Practically all the local Chechen media are now under total control of the pro-Moscow Chechen government of Ramzan Kadyrov.

==Beslan hostage crisis==
In several incidents reporters critical of the Russian government could not get to Beslan during the crisis. They included Andrey Babitsky, who was indicted on hooliganism after a brawl with two men who picked a fight with him in the Moscow Vnukovo Airport and sentenced to a 15-day arrest. The late Novaya Gazeta journalist Anna Politkovskaya, who had negotiated during the 2002 Moscow siege, was twice prevented by the authorities from boarding a flight. When she eventually succeeded, she fell into a coma after being poisoned aboard an airplane bound to Rostov-on-Don.

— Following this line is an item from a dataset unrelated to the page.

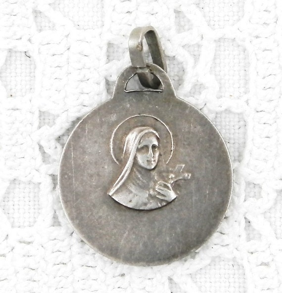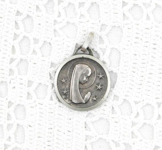 20% OFF coupon on Vintage French Mid Century Tarnished Silver Religious Medal of the Virgin Mary and Saint Theresa / St Therese, Christian Our Lady Charm by VintageDecorFrancais
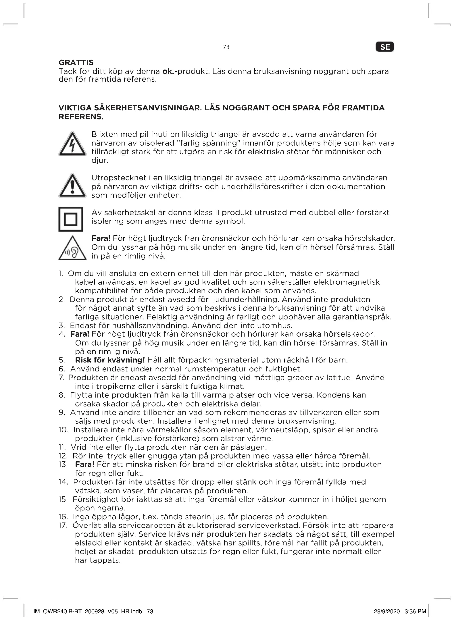 produkten själv. Service krävs när produkten har skadats på något sätt, till exempel elsladd eller kontakt är skadad, vätska har spillts, föremål har fallit på produkten, höljet är skadat, produkten utsatts för regn eller fukt, fungerar inte normalt eller har tappats. IM_OWR240 B-BT_200928_V05_HR.indb 73IM_OWR240 B-BT_200928_V05_HR.indb 73 28/9/2020 3:36 PM28/9/2020 3:36 PMSE

According to the report by the Organization for Security and Co-operation in Europe (OSCE), several correspondents were detained in Beslan (including Russians Anna Gorbatova and Oksana Semyonova from Novye Izvestia, Madina Shavlokhova from Moskovskij Komsomolets, Elena Milashina from Novaya Gazeta, and Simon Ostrovskiy from The Moscow Times). Several foreign journalists were also briefly detained, including a group of foreign journalists from Polish Gazeta Wyborcza, French Libération and British The Guardian. The chief of the Moscow bureau of the Arab TV channel Al Jazeera was framed into the possession of a round of ammunition at the airfield in Mineralnye Vody.

Many foreign journalists were exposed to pressure from the security forces and the materials were confiscated from TV crews from ZDF and ARD (Germany), APTN (USA), and Rustavi 2 (Georgia). The crew of Rustavi 2 was arrested; the Georgian Minister of Health said that the correspondent Nana Lezhava, who had been kept for fives days in the Russian pre-trial detention centers, had been poisoned with dangerous psychotropic drugs (like Politkovskaya, Lezhava passed out after being given a cup of tea). The crew from another Georgian TV channel Mze was expelled from Beslan.

Raf Shakirov, chief editor of the Izvestia newspaper, was forced to resign after criticism by the major shareholders of both style and content of the September 4, 2004 issue. In contrast to the less emotional coverage by other Russian newspapers, Izvestia had featured large pictures of dead or injured hostages. It also expressed doubts about the government's version of events.

According to a poll by Levada Center conducted a week after Beslan crisis, 83% of polled Russians believed that the government was hiding at least a part of the truth about the Beslan events from them. According to the poll by Echo of Moscow radio station, 92% of the people polled said that Russian TV channels concealed parts of information.